In this work we show results with up to 180 VOPs for the Lee algorithm. This is close to the maximum number of 200 VOPs provided by Jin et al. as the maximum number that the pulse supervision of their vendor provided system can handle [28]. Due to the difference in compression efficiency, this number corresponds to roughly 1000 VOPs calculated by the Eichfelder algorithm when applying the same overestimation. The maximum number of VOPs that can be handled by the supervision system will depend on the particular hardware and software implementation as well on the number of elements in the transmit array.

The results for the overestimation terms show that Sglobal is not necessarily a good choice. As shown here for the remote array, there are cases in which Sglobal leads to an increased absolute overestimation at lower actual SAR values, leading to a disproportionately high relative overestimation. In this case, even a fixed overestimation (Sdiag) is preferable. Using an overestimation term that approximates actual local SAR (Slocal) proved preferable in this work, since it was at least as good as using Sglobal. The Slocal approach does not require any changes to the pulse calculation or pulse supervision software.

The overall best results for maximum relative overestimation were obtained using the Double VOP approach. A downside of this approach is the fact that the set of VOPs after compression is not directly compatible with previous algorithms for pulse calculation or supervision, since the results for two separate sets of VOPs have to be calculated and subsequently added up. Therefore, using this approach necessitates some software adaptations. While the implementation in many pulse calculation algorithms might be tricky because of having to implement the maximum of the VOP set used to calculate the overestimation term, the implementation into SAR supervision is straightforward. The calculation effort when calculating NVOPs VOPs in addition to NVOPs,pre pre-calculated VOPs should be almost the same as using the same number VOPs in the standard algorithm: NVOPs,standard = NVOPs NVOPs,pre. In this case, only NVOPs more addition operations are necessary in comparison to the standard method, which is not much effort considering that calculating the SAR for a single VOP in an eight-channel configuration takes 63 addition operations and 72 multiplication operations.

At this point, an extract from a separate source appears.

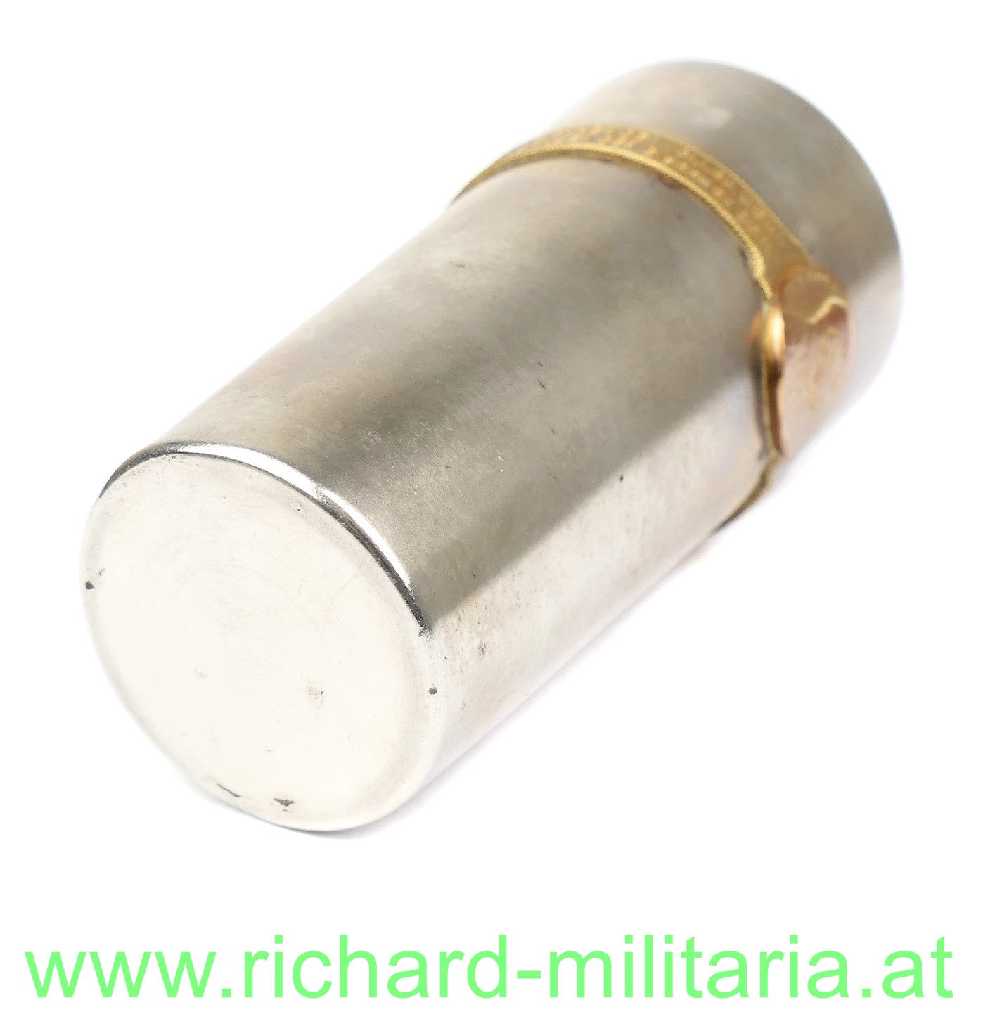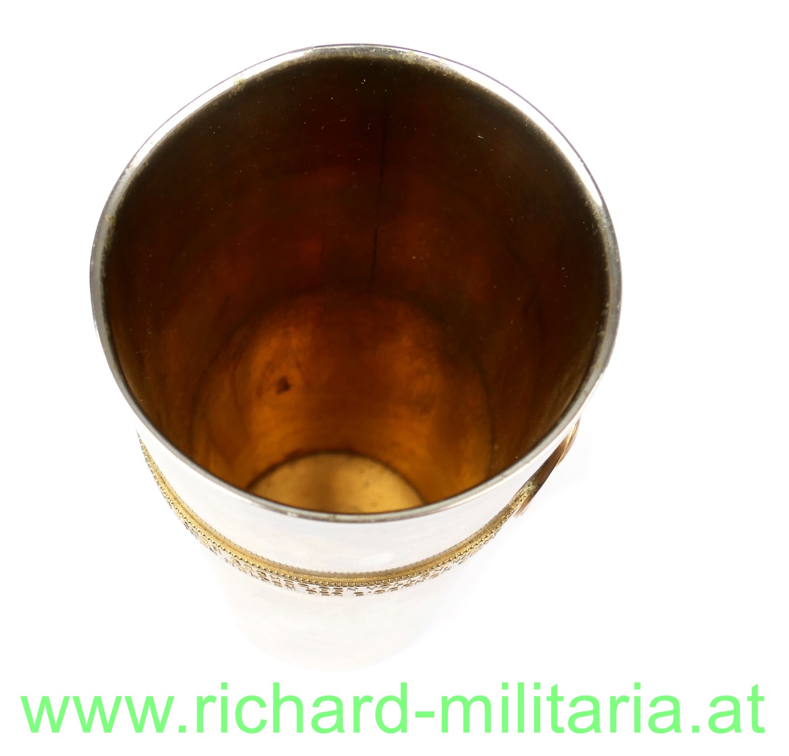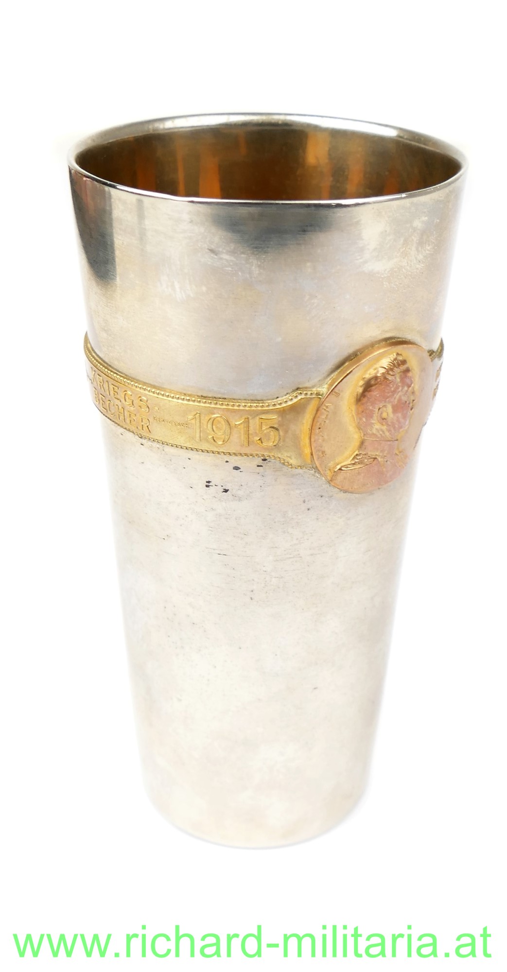 Kriegsbecher 1914-1916 mit umlaufendem Spruchband; Eisen vernickelt; vergoldeter Spruchreifen aus Bronze mit den Bildnissen von Kaiser Franz Joseph I. & Kaiser Wilhelm II.; Große Form - Abmessungen: Höhe 14,5 cm & Durchmesser 7,5 cm
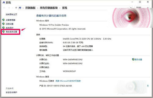 2、在打开的系统窗口,我们左键点击左侧的高级系统设置;

Using the proposed strategies Slocal and Double VOP, the number of VOPs could be reduced by around 20% while obtaining the same maximum relative overestimation in comparison to the original Lee algorithm. Overall, the two presented strategies provide a trade-off between maximum relative overestimation and maximum absolute overestimation.

Conclusion

In this paper, we present two strategies to reduce maximum relative overestimation in VOP compression. Both strategies are able to reduce the maximum relative overestimation for a fixed number of VOPs. Furthermore, we show that using global SAR for the overestimation term is not necessarily a good choice. Using the strategies proposed in this paper can lead to enhanced performance of VOP compressions and therefore more exact and/or faster calculation of local SAR. Practically, this implies improved performance of multi-channel RF arrays in pTx applications.